En avril 2022, Tucker Carlson, alors animateur sur Fox News, dit ne pas comprendre l'animosité qu'inspire Alex Jones : « Il est intelligent, diablement drôle, vraiment. Il est beaucoup plus talentueux que moi à bien des égards. »

En octobre 2022, il est condamné à verser près de 1,5 milliard de dollars après avoir fait passer pendant des années le massacre de l'école Sandy Hook pour une mise en scène. Il indique être en situation de faillite.

Fin avril 2026, Jones est privé de se studios et de son site InfoWars, mis en liquidation judiciaire. Il demeure toutefois actif sur les réseaux sociaux, avec une audience de 4,5 millions d'abonnés sur X.

 

IL A DIT :

« Ce que vous faites : vous avez votre opérateur d'opérations spéciales qui arrive masqué, comme à Columbine.
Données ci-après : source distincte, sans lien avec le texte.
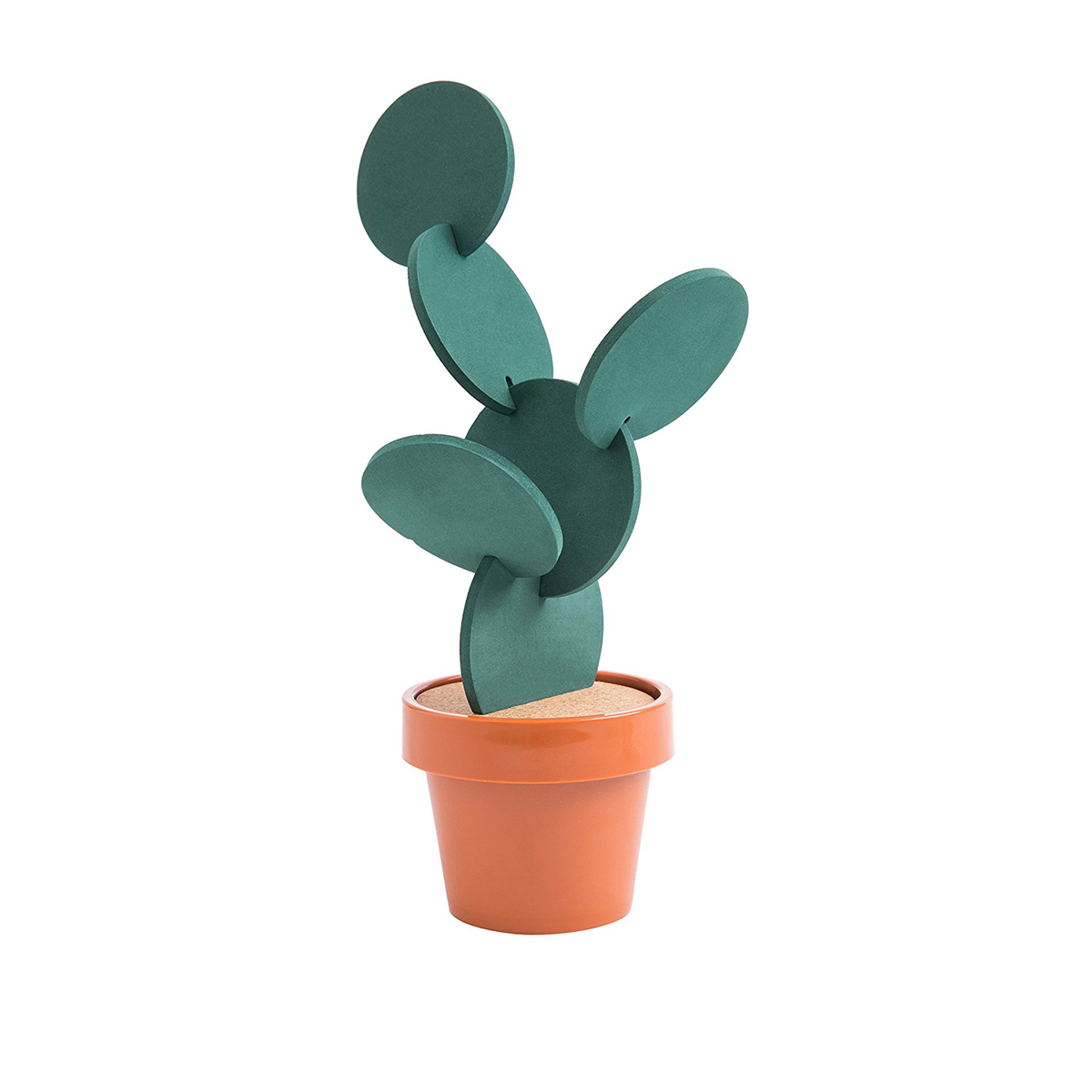 Quirky Designer Cactus Creative Coasters Set with Storage Display Stand Green

Ils font leur tuerie, puis vous tuez ou droguez un lampiste qui attend avec des amnésiques ou autres produits chimiques, et qui sera le responsable – et c'est très facile de faire ça avec assez de PCP, le LSD et des trucs comme ça. […] Ils ont des drogues comme la scolopamine connue depuis des siècles sous le nom de « Souffle du diable » et ils vous jettent ça dessus. […] Voilà ce que c'est que le contrôle mental. […] Mais le pire, c'est que la télévision elle-même et ses messages programment les gens et il a été prouvé que cela mène à la violence. […] Tout ça, c'est de la programmation de masse et on ne peut pas les laisser utiliser ça pour emporter notre 2ème amendement. […] N'abandonnez pas votre liberté à cause de cette idée fantôme ».

Source : « Alex Jones sur la fusillade de Denver (Dark knight rises) S/T », YouTube, 21 juillet 2012.